GBP/USD rises after UK inflation hits double digits

GBP/USD rises above 1.121 after inflation jumps to 10.1% YoY in July, a fresh 40-year high and up firmly from June’s 9.4%.

·         NZD/USD rises after RBNZ hikes rates by 50 basis points

·         US retail sales are expected to rise 0.1% MoM in July after 1% gains in June

·         Could the minutes of the Fed meeting help stocks grind higher and Gold retake $1800?

European markets continued to grind higher yesterday, with both the FTSE and the DAX reaching 2-month highs, despite the deepening cost of living crisis and soaring energy prices. Investors looked past a record fall in UK real wages and German economic sentiment falling to a 14-year low.

Stocks on Wall Street were more of a mixed bag. The S&P 500 closed higher, over 4310 approaching a 4-month high after bellwether Walmart posted less gloomy than expected earnings. Meanwhile, the Nasdaq, after briefly reaching a level last seen in late April, closed lower on the day.

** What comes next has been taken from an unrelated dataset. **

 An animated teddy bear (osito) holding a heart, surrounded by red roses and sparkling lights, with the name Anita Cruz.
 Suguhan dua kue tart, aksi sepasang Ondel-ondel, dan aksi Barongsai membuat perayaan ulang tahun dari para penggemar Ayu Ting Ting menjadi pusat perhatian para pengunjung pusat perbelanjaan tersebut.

European stocks are pointing to a modestly higher start, and US futures are flat ahead of a busy day with central bank action, UK inflation, US retail sales, and the Fed minutes in focus.

 RBNZ rate hike

NZD/USD is on the rise after the RBNZ, as expected, hiked rates by 50 basis points overnight, taking the OCR to 3%. The central bank hinted toward more rate hikes to take the OCR to 4% but ruled out a 75 basis point move. Speaking at the post-meeting press conference, Governor Adrian Orr reaffirmed the central bank’s hawkish policy. However, he also warned about slower growth. NZD/USD trades 0.3% higher above 0.6350, although trades down 1.5% across the week so far.

UK CPI

UK inflation rose by more than expected in July to 10.1% YoY, up from 9.4% in June and well ahead of the 9.8% level forecast. The data highlights the squeeze on household incomes and piles pressure on the BoE to act more aggressively to tame runaway prices. With wages failing to keep up with soaring prices, the cost of living crisis is deepening; a recession this year is looking increasingly hard to avoid. The BoE hiked rates by 50 basis points in July, and this data pretty much cements another outsized hike in September, as 50 becomes the new 25.

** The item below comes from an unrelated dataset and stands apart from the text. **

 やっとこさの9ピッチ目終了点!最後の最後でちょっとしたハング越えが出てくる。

GBP/USD rose to a session high of 1.2141 following the release before paring some of those gains. The pair is managing to hold above 1.21, but the next moves depend on US data and events later today.

US retail sales

Looking ahead, attention will turn to US retail sales. Despite the US falling into a technical recession in Q2 and despite persistently high inflation and record low consumer confidence, the US consumer has remained resilient. This could be thanks to the strong US labour market, which saw 500,000 jobs added in July alone. Retail sales rose 1% MoM in June, ahead of forecasts of 0.9%, and are expected to rise a more modest 0.1% MoM in July.

Fed minutes

Later in the day, the minutes from the July Federal Reserve meeting will be released and could shed more light on the central bank’s decision to hike rates by 75 basis points in July. Investors will also scrutinise the minutes for further clues as to what could be in store for the September meeting. According to the CME Fed funds, the market is pricing in a 58.5% probability of a 50 basis point rate hike and a 41.5% probability of a 75 basis point rate hike at the coming meeting. It is worth keeping in mind that the meeting took place before the release of data that showed inflation cooling.

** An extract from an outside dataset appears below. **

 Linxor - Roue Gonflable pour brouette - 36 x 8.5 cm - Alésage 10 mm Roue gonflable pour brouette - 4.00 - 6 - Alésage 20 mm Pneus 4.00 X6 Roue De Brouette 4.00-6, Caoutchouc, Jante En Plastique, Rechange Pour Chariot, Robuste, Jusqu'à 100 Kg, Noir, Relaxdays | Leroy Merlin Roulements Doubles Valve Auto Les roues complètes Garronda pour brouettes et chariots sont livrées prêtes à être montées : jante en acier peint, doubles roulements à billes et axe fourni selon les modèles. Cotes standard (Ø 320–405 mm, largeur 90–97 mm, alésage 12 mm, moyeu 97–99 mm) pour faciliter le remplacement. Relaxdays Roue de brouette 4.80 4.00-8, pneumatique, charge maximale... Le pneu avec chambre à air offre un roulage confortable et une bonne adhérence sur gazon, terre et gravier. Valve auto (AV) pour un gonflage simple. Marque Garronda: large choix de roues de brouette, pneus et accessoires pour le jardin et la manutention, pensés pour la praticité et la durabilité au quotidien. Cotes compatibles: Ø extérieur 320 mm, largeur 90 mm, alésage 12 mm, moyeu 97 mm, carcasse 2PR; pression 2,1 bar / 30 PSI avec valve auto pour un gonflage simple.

Should US retail sales and the minutes of the Fed meeting shift expectations further towards a 50 basis point hike over a 75 basis point hike, the rise in US indices could find fresh legs. The USD could pare gains of 0.7% so far this week, and Gold could renew its climb higher towards $1800 after falling 1.3% so far this week. 

Disclaimer: This article is not investment advice or an investment recommendation and should not be considered as such. The information above is not an invitation to trade and it does not guarantee or predict future performance. The investor is solely responsible for the risk of their decisions. The analysis and commentary presented do not include any consideration of your personal investment objectives, financial circumstances, or needs.